[Data entries]
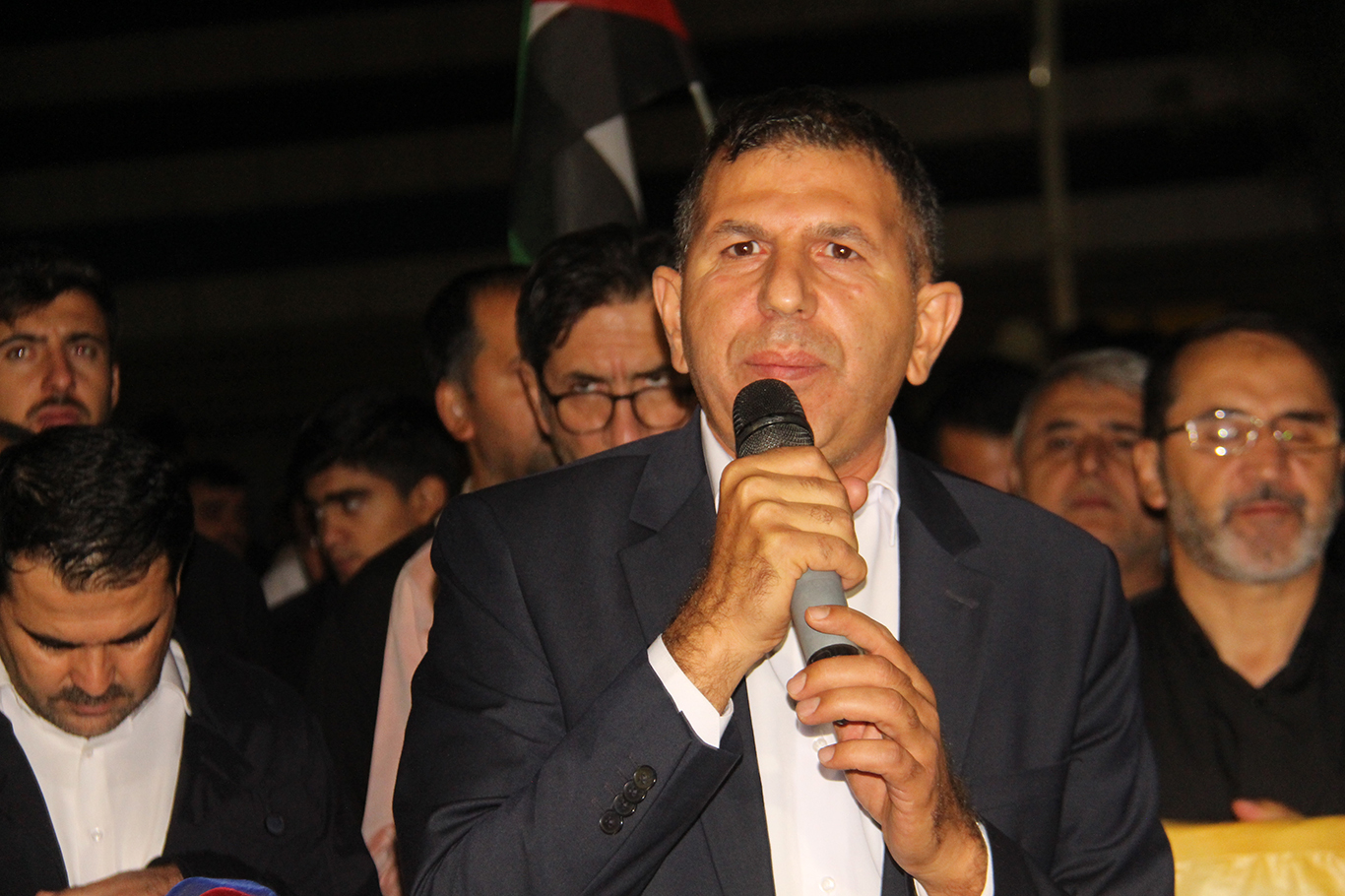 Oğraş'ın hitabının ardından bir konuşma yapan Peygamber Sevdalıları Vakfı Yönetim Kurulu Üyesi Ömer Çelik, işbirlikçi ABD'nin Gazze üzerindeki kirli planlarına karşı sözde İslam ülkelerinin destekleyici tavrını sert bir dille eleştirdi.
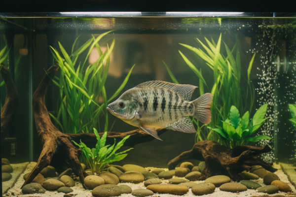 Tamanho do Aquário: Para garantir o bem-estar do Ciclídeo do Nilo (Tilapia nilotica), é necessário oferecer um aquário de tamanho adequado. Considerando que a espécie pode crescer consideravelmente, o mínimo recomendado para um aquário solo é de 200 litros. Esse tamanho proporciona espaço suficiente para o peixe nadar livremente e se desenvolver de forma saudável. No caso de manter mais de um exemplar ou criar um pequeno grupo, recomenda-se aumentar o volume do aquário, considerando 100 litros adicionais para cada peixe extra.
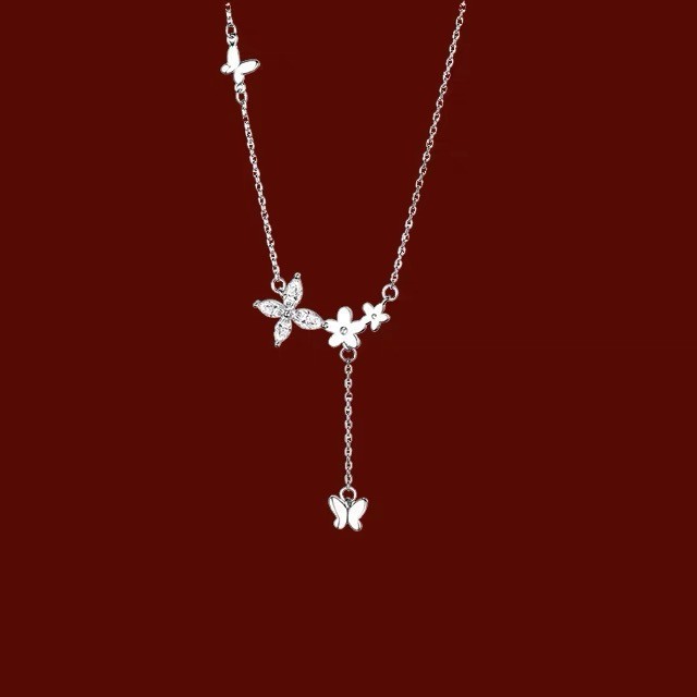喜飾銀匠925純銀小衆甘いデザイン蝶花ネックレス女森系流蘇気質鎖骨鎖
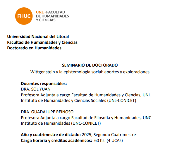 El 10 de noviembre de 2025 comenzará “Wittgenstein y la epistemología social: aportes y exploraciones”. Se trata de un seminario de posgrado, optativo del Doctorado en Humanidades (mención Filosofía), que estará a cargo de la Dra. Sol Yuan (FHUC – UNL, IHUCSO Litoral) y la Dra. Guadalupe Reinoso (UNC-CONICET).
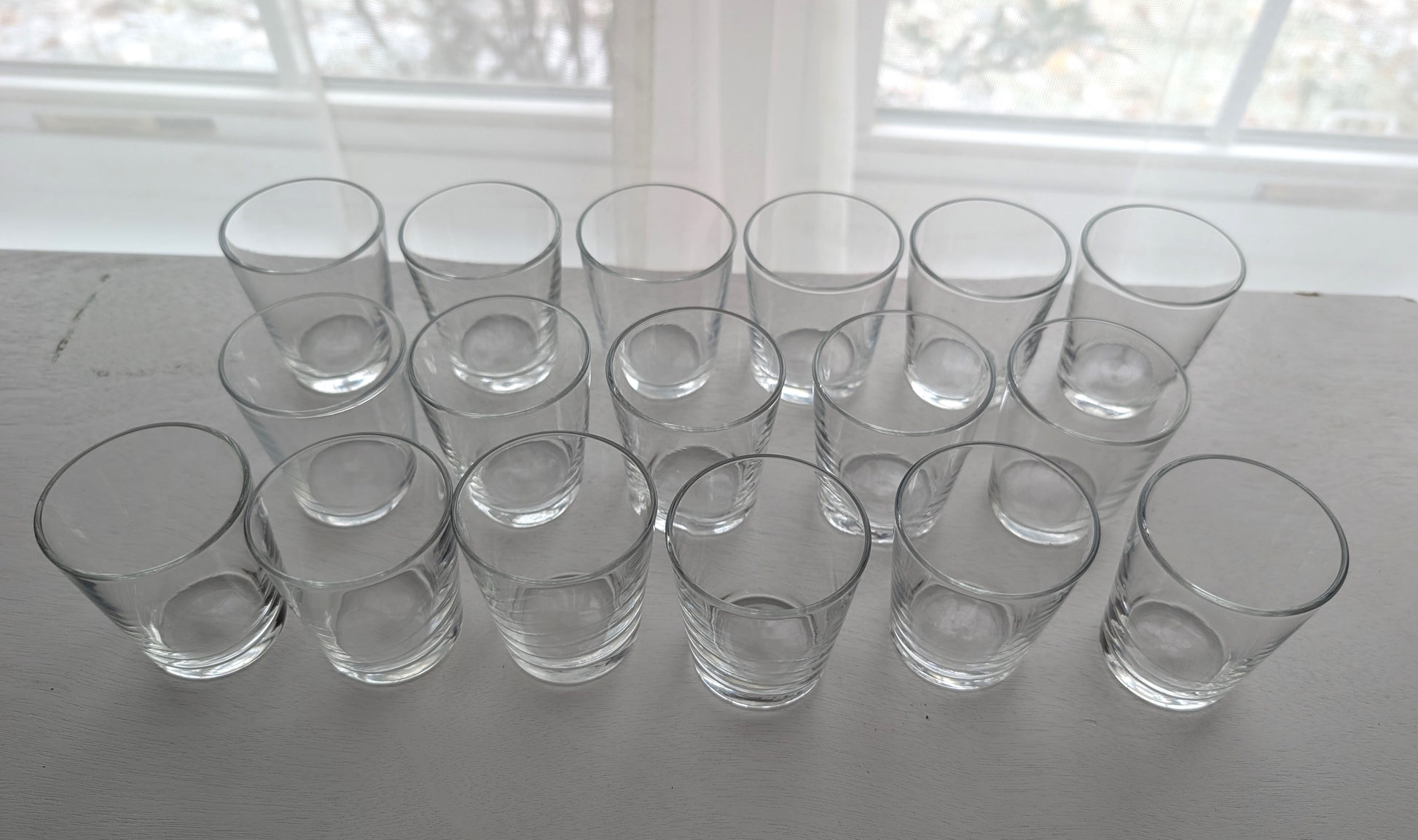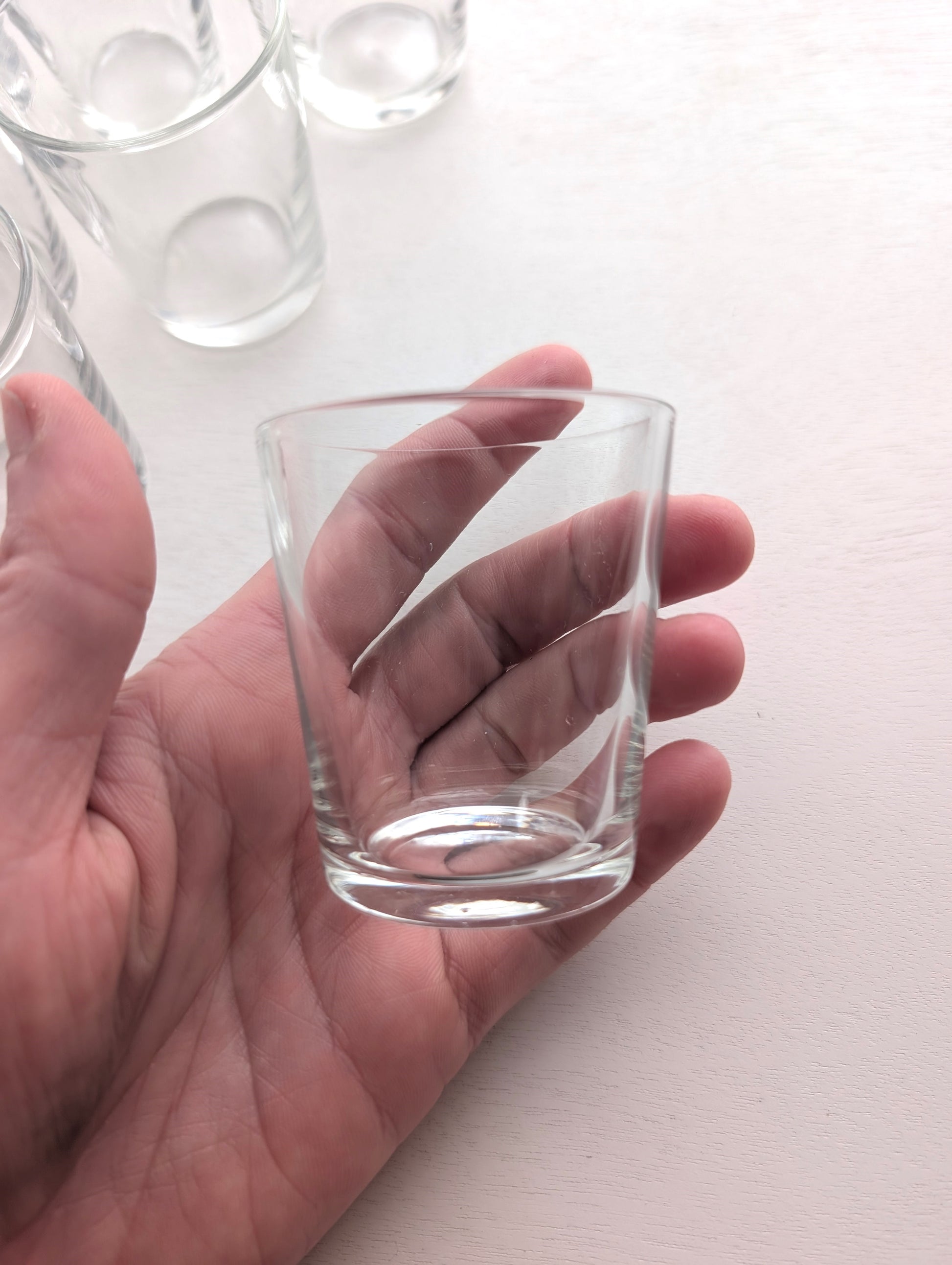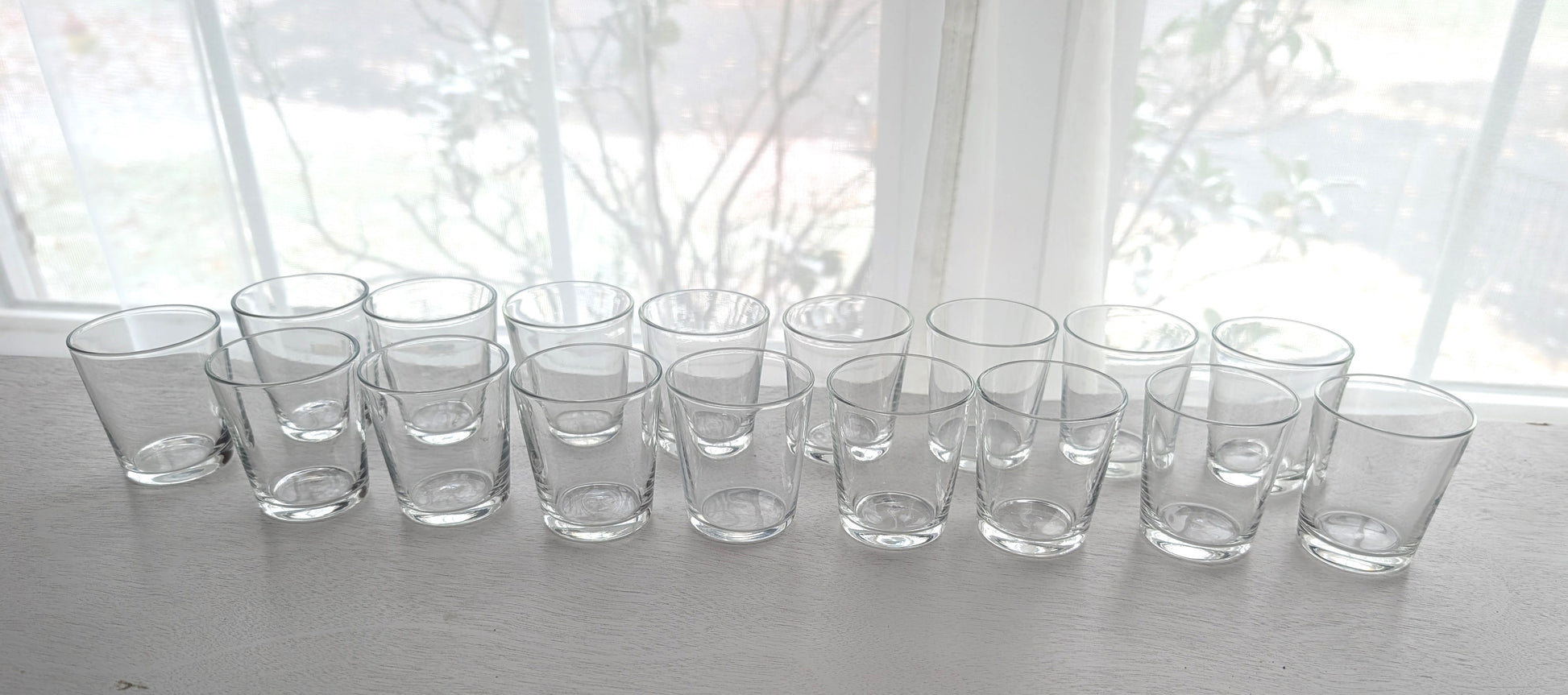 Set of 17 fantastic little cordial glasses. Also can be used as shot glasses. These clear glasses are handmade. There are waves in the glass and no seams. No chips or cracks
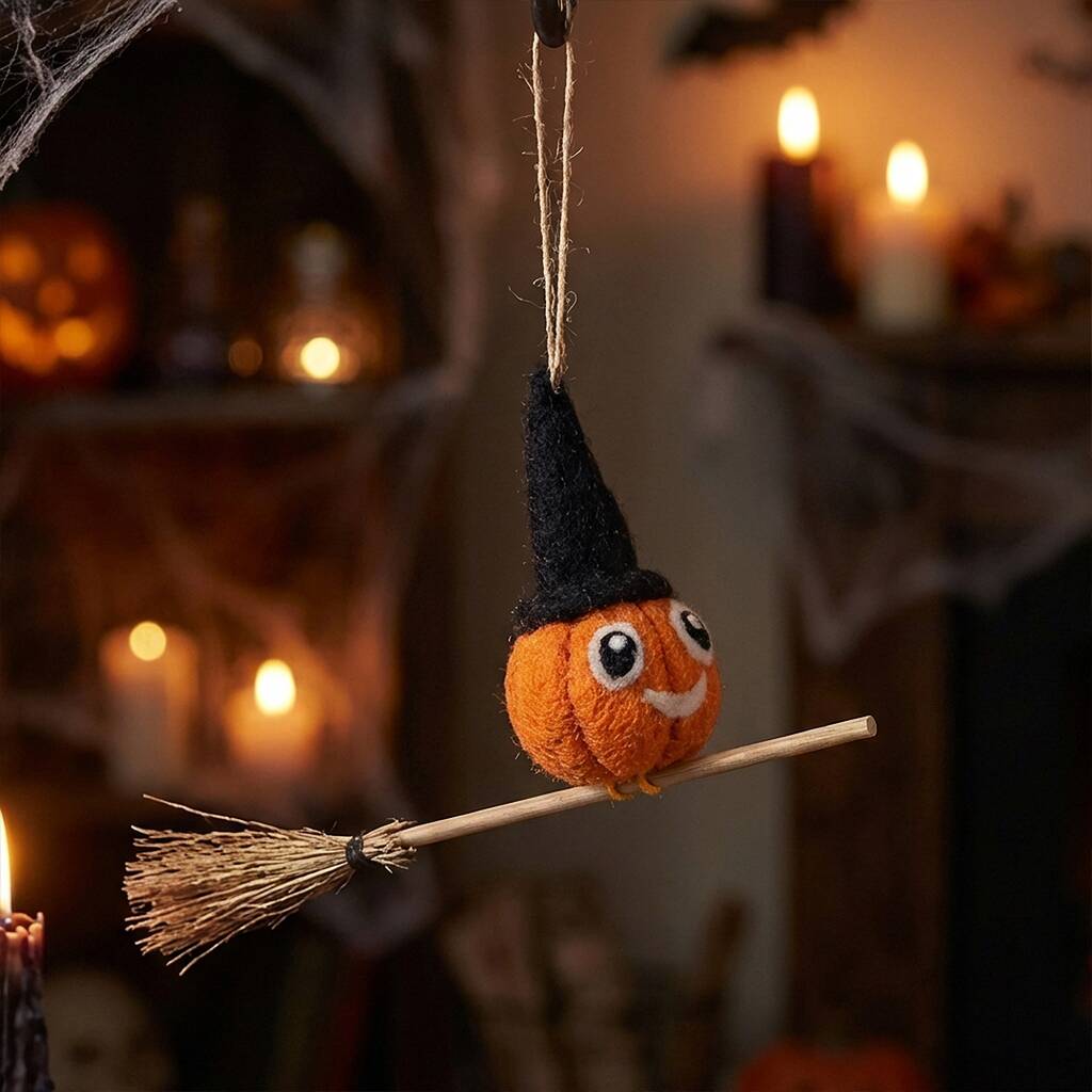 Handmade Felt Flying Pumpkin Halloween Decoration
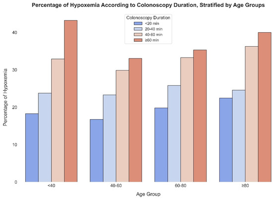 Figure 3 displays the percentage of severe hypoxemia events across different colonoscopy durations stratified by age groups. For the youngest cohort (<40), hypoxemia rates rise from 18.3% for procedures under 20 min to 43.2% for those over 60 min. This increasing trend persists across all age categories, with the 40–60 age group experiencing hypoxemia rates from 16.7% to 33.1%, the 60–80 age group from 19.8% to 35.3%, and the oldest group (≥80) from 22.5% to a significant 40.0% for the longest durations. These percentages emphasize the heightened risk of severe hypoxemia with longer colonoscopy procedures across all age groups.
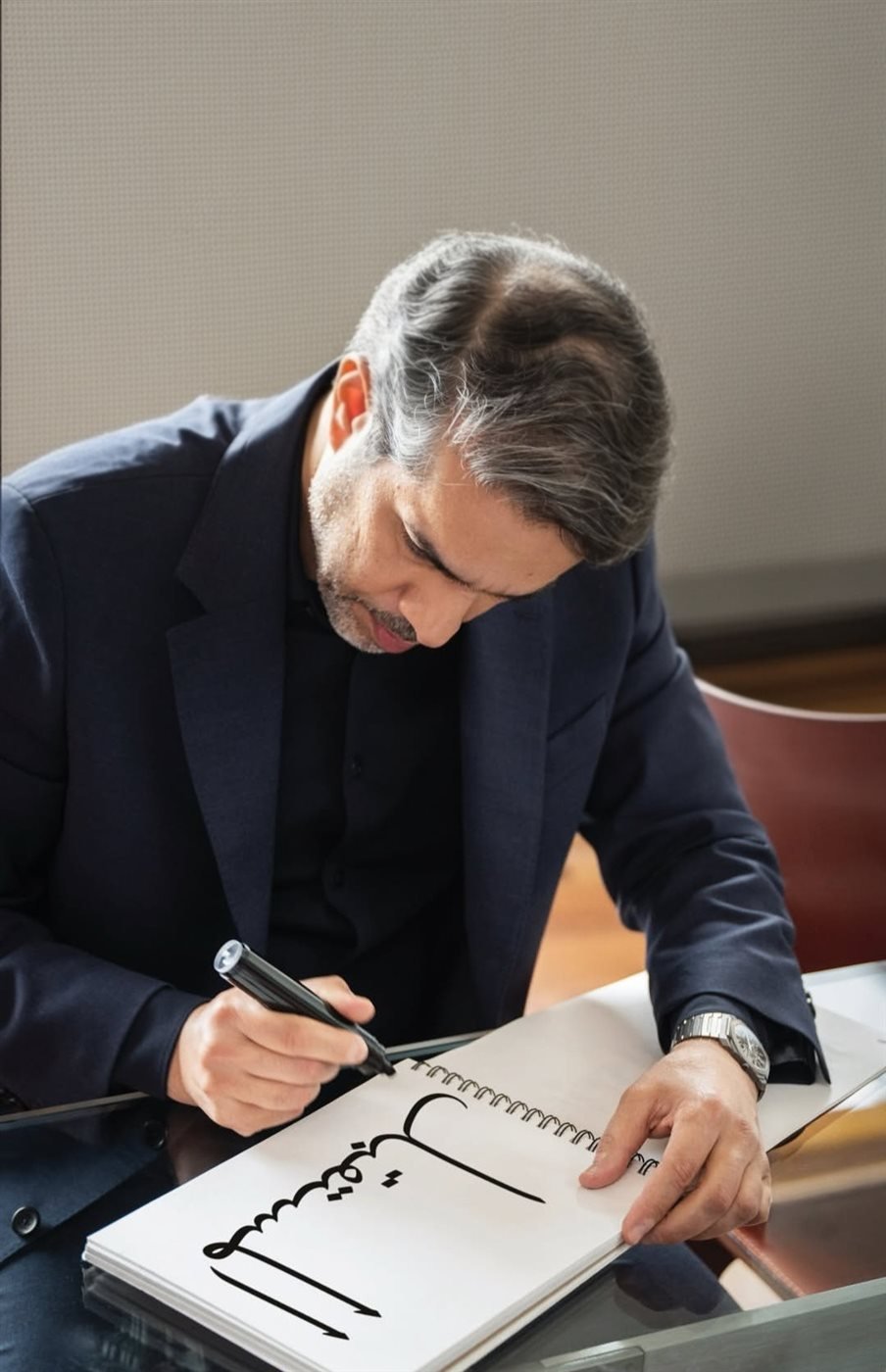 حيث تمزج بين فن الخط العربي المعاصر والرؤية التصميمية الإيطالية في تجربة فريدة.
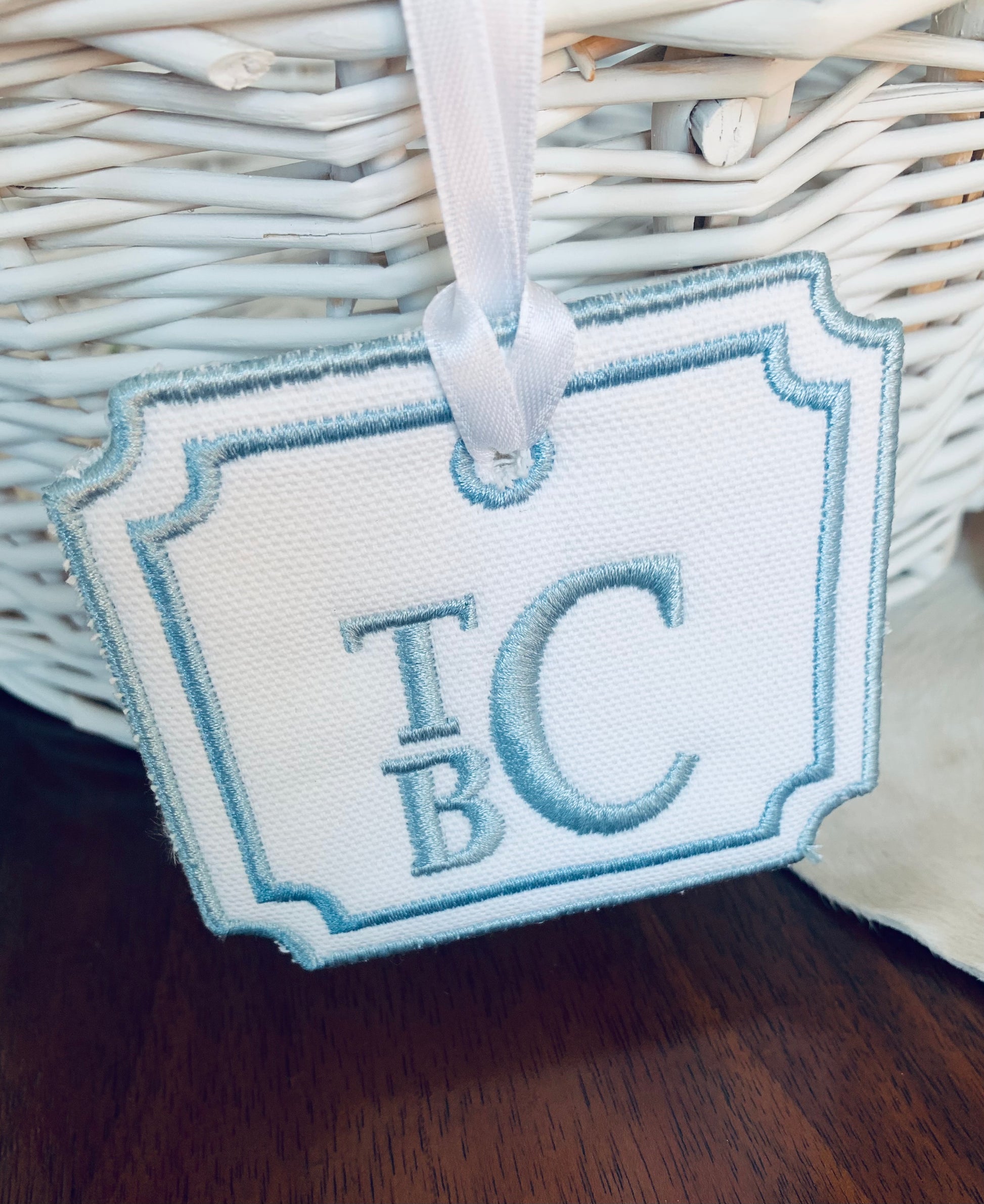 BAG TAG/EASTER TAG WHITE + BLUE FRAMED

* [What is required]: Start at the line holding "حيث تمزج بين" and stop at the last line of the entries above. Repeat those lines exactly, pictures excluded.

* [Task answer]:
 حيث تمزج بين فن الخط العربي المعاصر والرؤية التصميمية الإيطالية في تجربة فريدة.
 BAG TAG/EASTER TAG WHITE + BLUE FRAMED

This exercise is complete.